*PROBLEM STATEMENT*:
Your copy should match the records below word for word and contain no pictures.

*SOURCE DATA*:
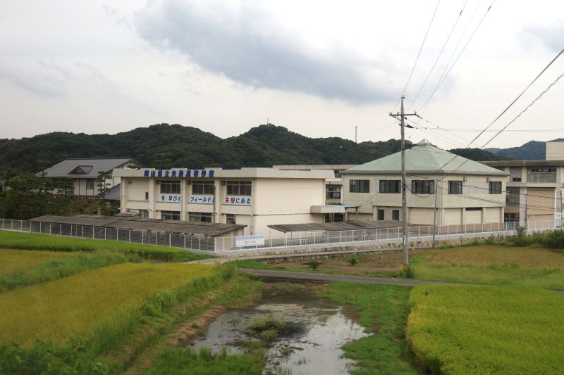 県立矢掛(やかげ)高校。 「学びのフィールドが矢掛(ここ)にある」と横断幕がありました
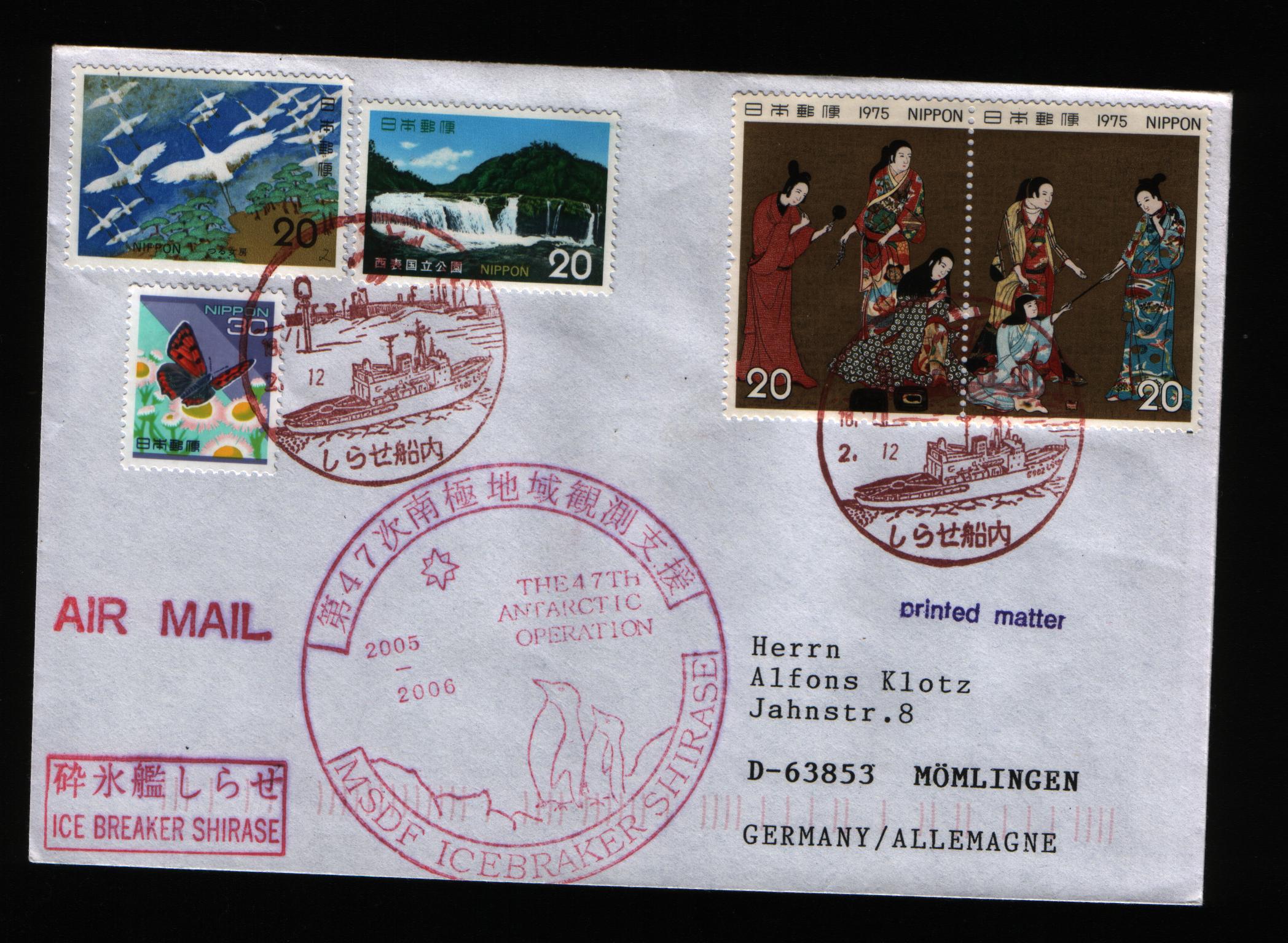 Hier ein japanischer Beleg des Eisbrechers "Shirase" zur 47ten "Antarctic Operation".
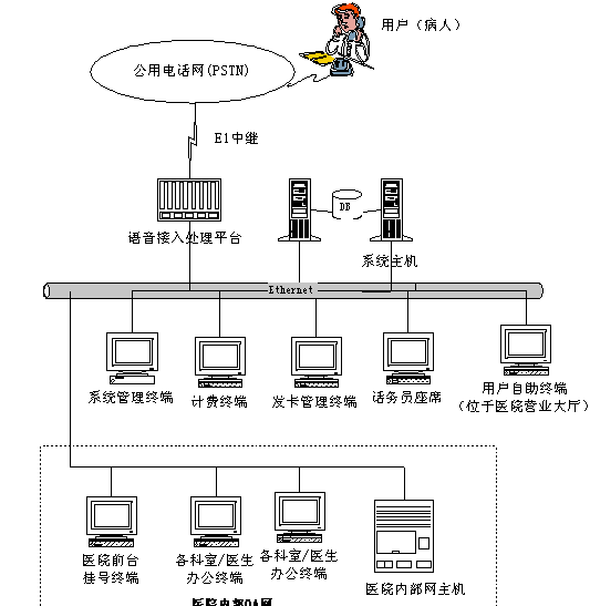 2.系統(tǒng)主機(jī) 系統(tǒng)主機(jī)一方面作為數(shù)據(jù)庫(kù)服務(wù)器,負(fù)責(zé)各種數(shù)據(jù),包括用戶信息、自費(fèi)卡信息、系統(tǒng)數(shù)據(jù)等的存儲(chǔ),同時(shí)作為應(yīng)用服務(wù)器控制各種業(yè)務(wù)流程的調(diào)用、處理,還包含TTF網(wǎng)關(guān),以完成傳真文件的生成和轉(zhuǎn)發(fā)功能、短消息處理、電子派單處理
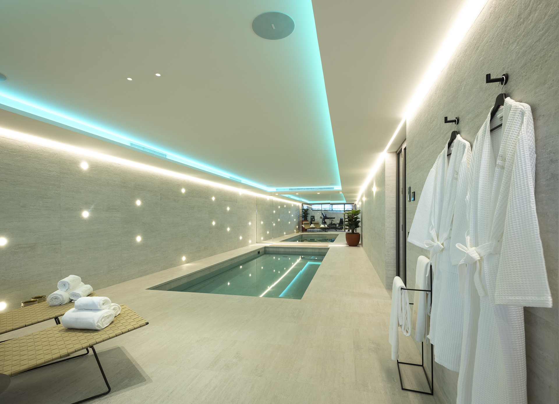 La planta inferior está diseñada como un auténtico refugio de bienestar y ocio, con un completo spa interior, piscina climatizada, sauna, baño turco, gimnasio, sala de juegos con mesa de billar, bodega climatizada, bar y zona de estar. También incluye un apartamento independiente para invitados con cocina y baño privado.
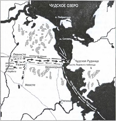 [5]. Академик Тихомиров называл 5 апреля 1242 г. «величайшей датой», а Ледовое побоище — «знаменательной битвой», сопоставимой лишь с Грюнвальдским сражением 1410 г.
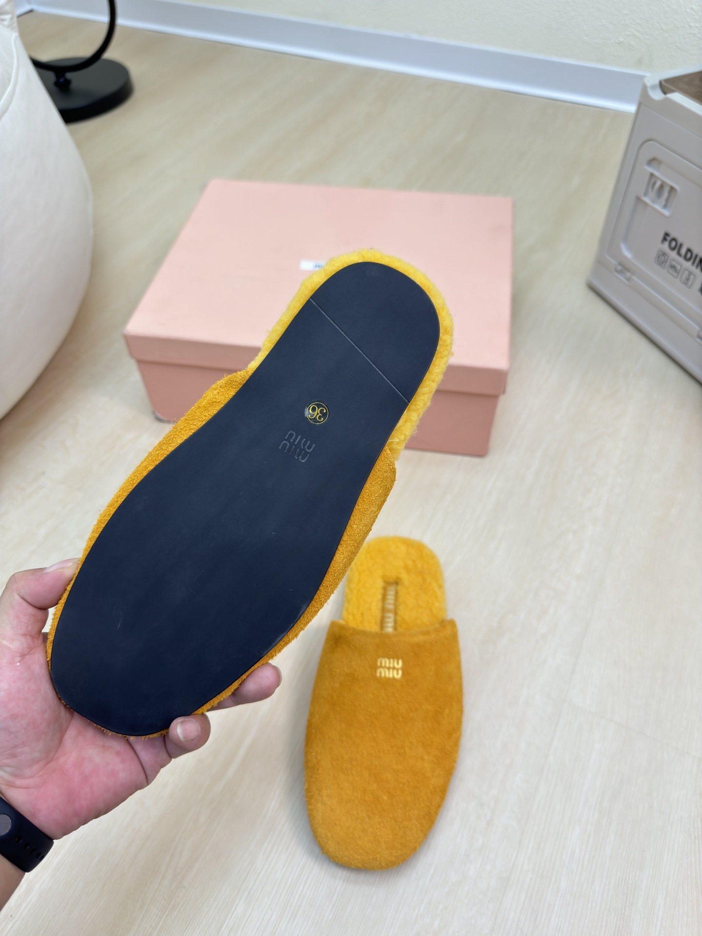 这款鞋子是AAAAA 1:1 质量 (非常棒). 使用了和原版一模一样的材料. 商标部分也保持了和缪缪/Miu Miu一样. 图片拍摄是实物鞋子拍摄, 您所收到的实物保证和我们图片一模一样.
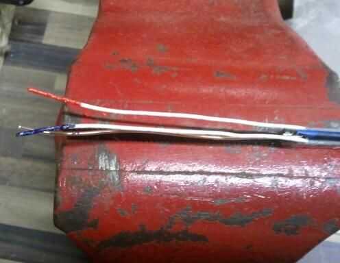 Ahora es un buen momento para etiquetar los cables. Usé pintura roja para la derecha y azul para la izquierda - como es tradición. Ten cuidado, si usas cables teflon cubierto que esto pronto va desgastando. Más en eso más adelante.
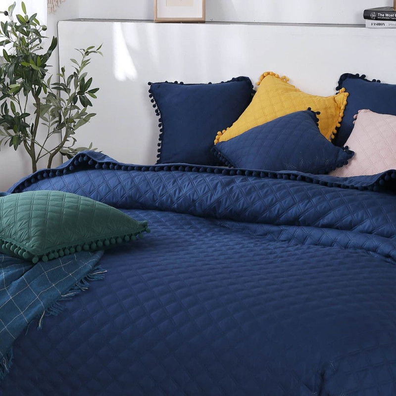 Jūsu iepirkumu grozs ir tukšs! Gultas pārklājs ar pomponiem 160x220 tumši zils Pompoo dekoratīvs rombs
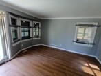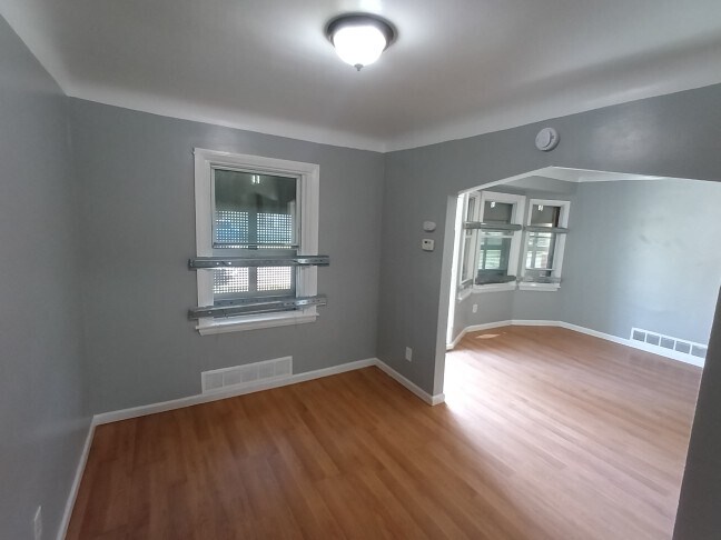 This is a 3-bedroom, 1-bath ranch-style home for rent on Detroit's Eastside in the Jefferson Chalmers neighborhood. The recently updated interior features modern gray paint and light floors, a living room with a breakfast nook, and large windows for natural light. This property is perfect for individuals or small families. Conveniently located near parks, the Detroit River, and local dining.
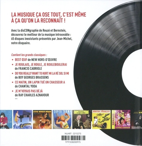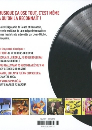 Les gens ont enfin le recueil musical qu'ils méritent ! Avec la disCONgraphie de Reuzé et Bernstein, découvrez le meilleur de la musique du XXIe siècle. Les auteurs ont réalisé ici un énorme travail d'historiens du 4e art et mettent en lumière des albums telles que le "Best Oeuf" de New Hors-D'Oeuvre, le grand classique de la chanson française "Je roulais, je roule, je rouleboulerai" de Francis Cabriole ou encore le très politique "Break First in America" de Super Trump. Ce dernier distille dans cet album des morceaux très courts de moins de 140 caractères, dans lesquels il fustige la world music et les mariachis. Hurlant comme un canard, son chanteur nous pond un album déplorable, qui offre une triste image du rock amérouquin.
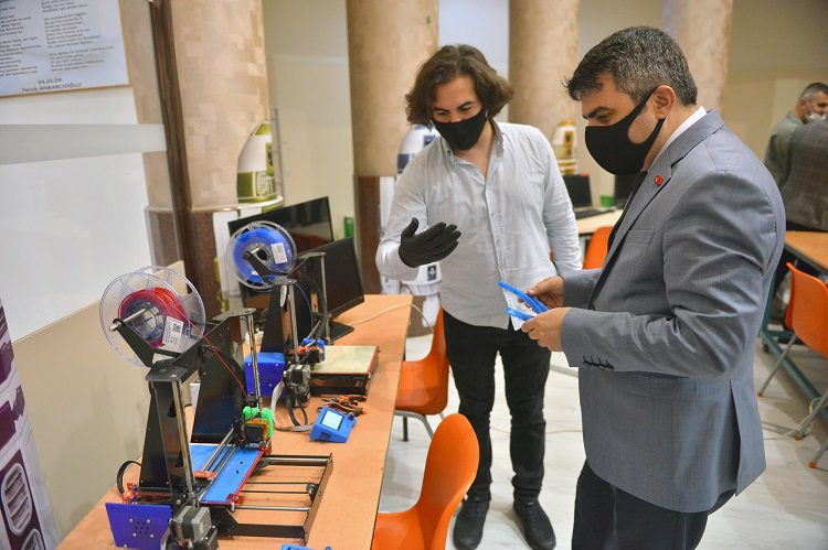 Yıldırım Belediyesi’nin Cezeri Robotik Kodlama Atölyesi’nde 3 boyutlu yazıcılarla sağlık çalışanları ile belediye personelinin kullanması için siperlik yüz maskesi üretimine başlandı. Kodlama atölyesinde bulunan 2 adet 3 boyutlu yazıcı üretim için durmaksızın çalışırken atölyedeki hocalar ve belediye personelleri tarafından 1 günde 50 adet siperlik maske imal ediliyor. Maskeler, insan sağlığı için tehdit oluşturmayan organik flament kullanılarak 3 boyutlu yazıcılarda basılırken, 1 adet siperlik maskenin hazırlanması yaklaşık 1 saat sürüyor.
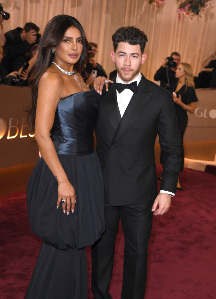 Пріянка Чопра зробила ставку на navy з об’ємною фактурою/силуетом і діамантовими прикрасами — хороший приклад, як “не чорне” може виглядати ще елегантніше.
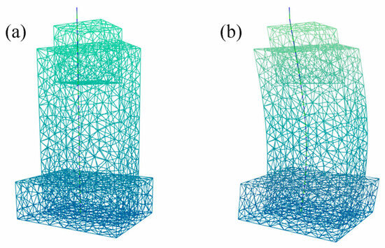 Demonstration of skeletal animation for buildings. (a) The initial bone structure. (b) The model deformation driven by the bones in a dynamic scenario.

*ANSWER BOX*:
 県立矢掛(やかげ)高校。 「学びのフィールドが矢掛(ここ)にある」と横断幕がありました
 Hier ein japanischer Beleg des Eisbrechers "Shirase" zur 47ten "Antarctic Operation".
 2.系統(tǒng)主機(jī) 系統(tǒng)主機(jī)一方面作為數(shù)據(jù)庫(kù)服務(wù)器,負(fù)責(zé)各種數(shù)據(jù),包括用戶信息、自費(fèi)卡信息、系統(tǒng)數(shù)據(jù)等的存儲(chǔ),同時(shí)作為應(yīng)用服務(wù)器控制各種業(yè)務(wù)流程的調(diào)用、處理,還包含TTF網(wǎng)關(guān),以完成傳真文件的生成和轉(zhuǎn)發(fā)功能、短消息處理、電子派單處理
 La planta inferior está diseñada como un auténtico refugio de bienestar y ocio, con un completo spa interior, piscina climatizada, sauna, baño turco, gimnasio, sala de juegos con mesa de billar, bodega climatizada, bar y zona de estar. También incluye un apartamento independiente para invitados con cocina y baño privado.
 [5]. Академик Тихомиров называл 5 апреля 1242 г. «величайшей датой», а Ледовое побоище — «знаменательной битвой», сопоставимой лишь с Грюнвальдским сражением 1410 г.
 这款鞋子是AAAAA 1:1 质量 (非常棒). 使用了和原版一模一样的材料. 商标部分也保持了和缪缪/Miu Miu一样. 图片拍摄是实物鞋子拍摄, 您所收到的实物保证和我们图片一模一样.
 Ahora es un buen momento para etiquetar los cables. Usé pintura roja para la derecha y azul para la izquierda - como es tradición. Ten cuidado, si usas cables teflon cubierto que esto pronto va desgastando. Más en eso más adelante.
 Jūsu iepirkumu grozs ir tukšs! Gultas pārklājs ar pomponiem 160x220 tumši zils Pompoo dekoratīvs rombs
 This is a 3-bedroom, 1-bath ranch-style home for rent on Detroit's Eastside in the Jefferson Chalmers neighborhood. The recently updated interior features modern gray paint and light floors, a living room with a breakfast nook, and large windows for natural light. This property is perfect for individuals or small families. Conveniently located near parks, the Detroit River, and local dining.
 Les gens ont enfin le recueil musical qu'ils méritent ! Avec la disCONgraphie de Reuzé et Bernstein, découvrez le meilleur de la musique du XXIe siècle. Les auteurs ont réalisé ici un énorme travail d'historiens du 4e art et mettent en lumière des albums telles que le "Best Oeuf" de New Hors-D'Oeuvre, le grand classique de la chanson française "Je roulais, je roule, je rouleboulerai" de Francis Cabriole ou encore le très politique "Break First in America" de Super Trump. Ce dernier distille dans cet album des morceaux très courts de moins de 140 caractères, dans lesquels il fustige la world music et les mariachis. Hurlant comme un canard, son chanteur nous pond un album déplorable, qui offre une triste image du rock amérouquin.
 Yıldırım Belediyesi’nin Cezeri Robotik Kodlama Atölyesi’nde 3 boyutlu yazıcılarla sağlık çalışanları ile belediye personelinin kullanması için siperlik yüz maskesi üretimine başlandı. Kodlama atölyesinde bulunan 2 adet 3 boyutlu yazıcı üretim için durmaksızın çalışırken atölyedeki hocalar ve belediye personelleri tarafından 1 günde 50 adet siperlik maske imal ediliyor. Maskeler, insan sağlığı için tehdit oluşturmayan organik flament kullanılarak 3 boyutlu yazıcılarda basılırken, 1 adet siperlik maskenin hazırlanması yaklaşık 1 saat sürüyor.
 Пріянка Чопра зробила ставку на navy з об’ємною фактурою/силуетом і діамантовими прикрасами — хороший приклад, як “не чорне” може виглядати ще елегантніше.
 Demonstration of skeletal animation for buildings. (a) The initial bone structure. (b) The model deformation driven by the bones in a dynamic scenario.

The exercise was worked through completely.